We assess that 2022 will likely keep our responders as busy as 2021 since the underlying factors that impacted our IR caseload will likely continue or increase. We are currently monitoring the following trends in the upcoming year:

  1. Log4J vulnerabilities have caused widespread concern among customers and the security community at large, though so far CTIR has not observed much post-compromise or confirmed adversary activity. However, we could easily see an increase in related incidents in 2022. As many researchers have pointed out, this incident has far-reaching implications based on Log4J’s wide use within enterprises, the difficulty some organizations might have in finding and patching everything that is vulnerable, and the already documented APTs that have begun to leverage it. We expect that many adversaries may gain access to victims’ networks via Log4J, only to lay dormant for months as they conduct reconnaissance and plan subsequent attacks, as many sophisticated threat actors often do. Therefore, while we have not seen many related CTIR engagements yet, it is likely that we will observe future incidents in which we determine Log4J was the initial infection vector.
  2. We believe that 2021 was a harbinger of things to come in terms of supply chain and third-party risk. When adversaries target a large MSP or open-source software incorporated into countless enterprise products, they greatly expand the potential pool of victims.
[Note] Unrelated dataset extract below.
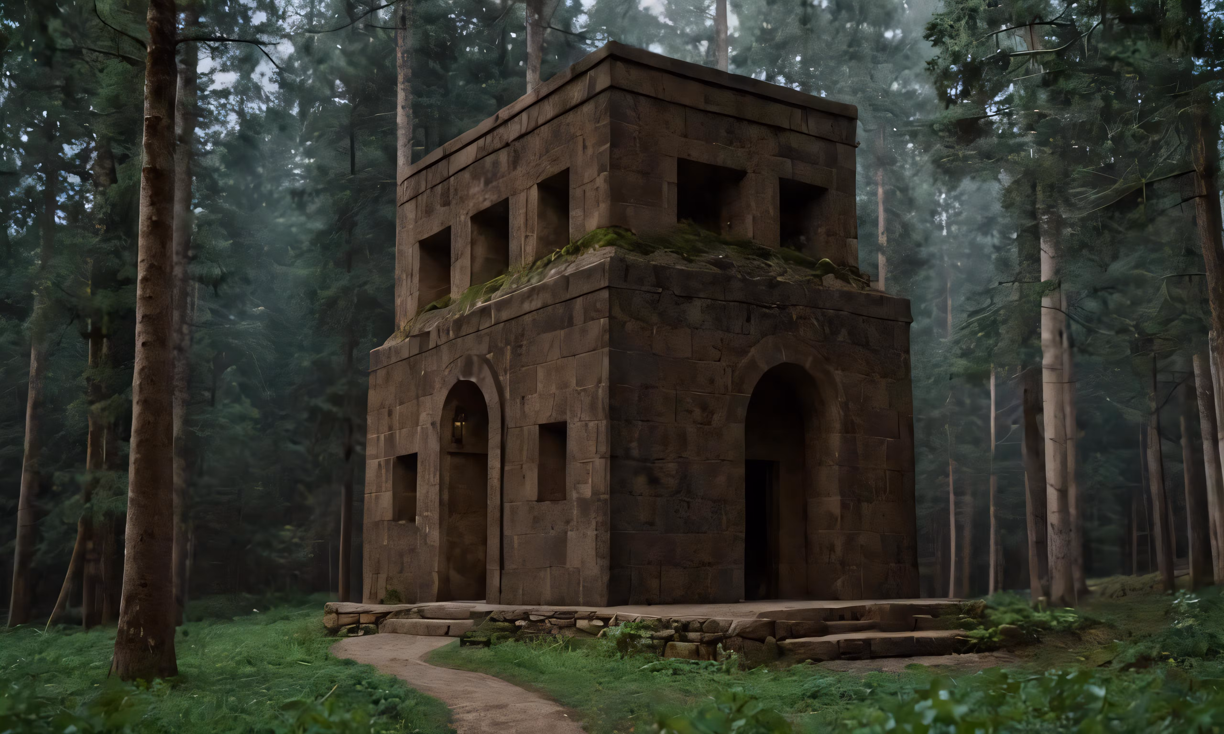 High resolution picture, free to use, a stone structure in the woods surrounded by trees

CTIR expects supply chain and third-party risk to continue to pose a large threat to enterprise security, as numerous actors ranging from APTs to ransomware groups leverage these attacks to pivot to high-value targets.
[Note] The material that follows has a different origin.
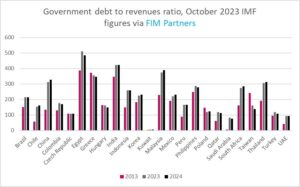 WED, OCT 11 2023-theGBJournal| With rising interest rates making us focus more on debt – it won’t surprise any debt investors that in MSCI EM, the government debt to government revenues ratio is highest in Egypt.

  3. Going forward, we will be monitoring the recent revival of Emotet and whether the botnet has any new connections to ransomware operations. Some security researchers have speculated that Emotet may be used to deliver Conti, but we have yet to see this claim supported in our own IR engagements. We note that Emotet has recently been observed dropping Cobalt Strike soon after infection, which allows threat actors to more easily achieve lateral movement and deploy ransomware on key assets.
  4. We are also monitoring the impact of U.S. President Joe Biden’s whole-of-government approach to countering the ransomware threat, which so far has included initiatives enacted by the Treasury Department, Department of Justice, and other agencies to disrupt ransomware actor’s ability to operate. Many of these initiatives will likely have ripple effects that have yet to be seen. We suspect that as U.S. officials prioritize countering the ransomware threat, we will see groups continue to shut down operations or rebrand under new monikers, become more restrictive about members joining their RaaS ranks, and attempt to improve their operational security. In one likely related development, we are continuing to monitor some changes on underground cybercrime forums that have likely been in response to the recent law enforcement crackdown on REvil and other ransomware operators. Some forums, like XSS and Exploit, appear to be tightening their restrictions on ransomware-related sales — including deleting posts and banning users — while others, like RAMP, have explicitly stated that they will not take such actions. Such changes could impact the ransomware threat landscape in terms of the proliferation of new adversaries, ransom negotiations, and open-source monitoring of ransomware groups, particularly if U.S. officials continue to aggressively enact new measures aimed at disrupting ransomware operators, as we saw them do in 2021.